A Conformal Mapping and Isothermal Perfect Fluid Model

TL;DR

This paper introduces a new static, inhomogeneous isothermal perfect fluid model based on a conformal spacetime with zero gravitational force but non-zero curvature, expanding solutions for cosmological and bounded fluid spheres.

Contribution

It presents a novel conformal metric approach leading to a unique three-parameter family of static, inhomogeneous isothermal perfect fluid solutions in general relativity.

Findings

Density and pressure decay as R^{-2} in the radial coordinate.

The model can describe both unbounded cosmological and bounded fluid sphere solutions.

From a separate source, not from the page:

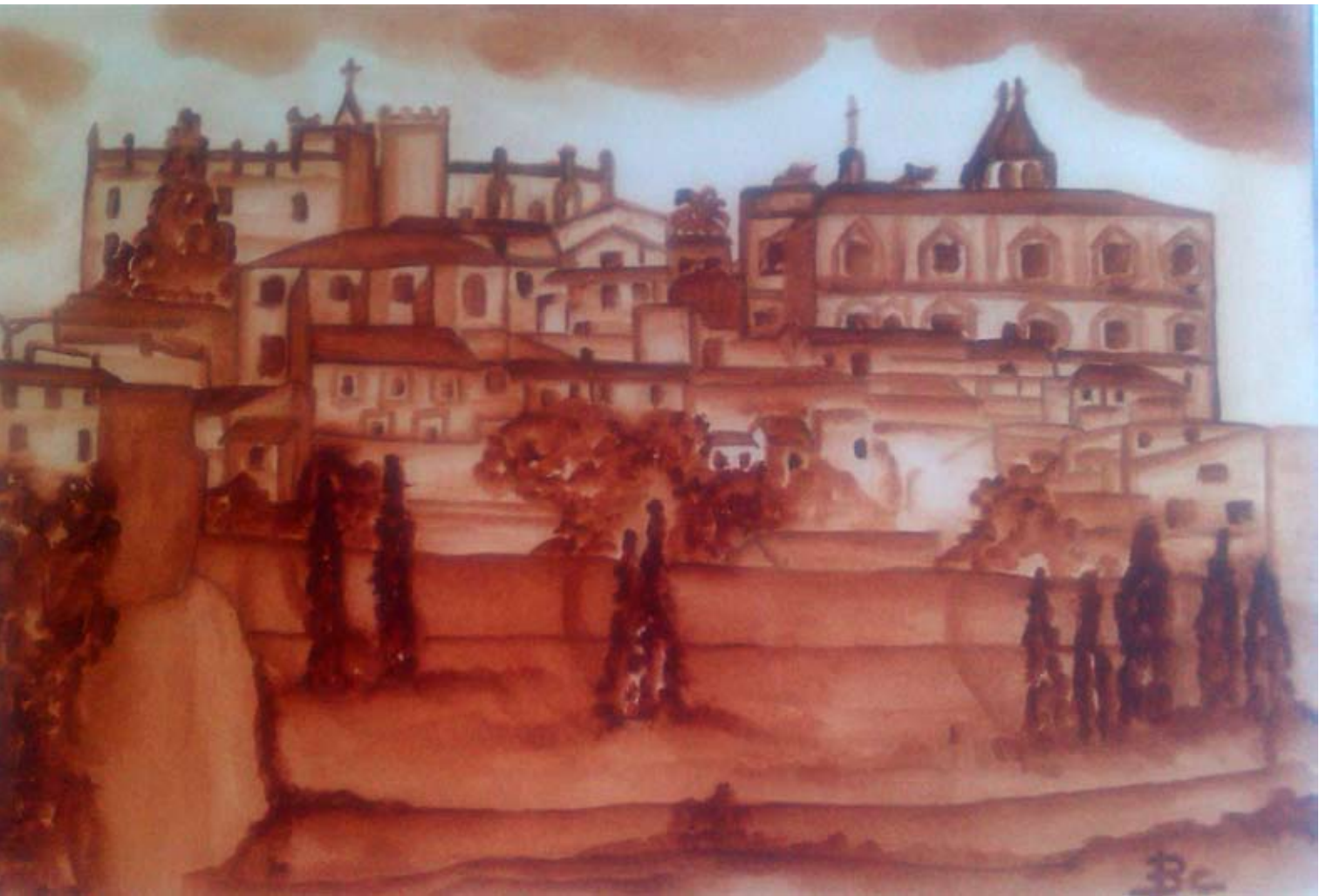
PERFIL SINGULAR 2014 Óleo sobre papel. 50 x 60 cm.

The solution is characterized by a conformal metric with specific curvature properties.

Abstract

Instead of conformal to flat spacetime, we take the metric conformal to a spacetime which can be thought of as ``minimally'' curved in the sense that free particles experience no gravitational force yet it has non-zero curvature. The base spacetime can be written in the Kerr-Schild form in spherical polar coordinates. The conformal metric then admits the unique three parameter family of perfect fluid solution which is static and inhomogeneous. The density and pressure fall off in the curvature radial coordinates as $R^{-2}, $ for unbounded cosmological model with a barotropic equation of state. This is the characteristic of isothermal fluid. We thus have an ansatz for isothermal perfect fluid model. The solution can also represent bounded fluid spheres.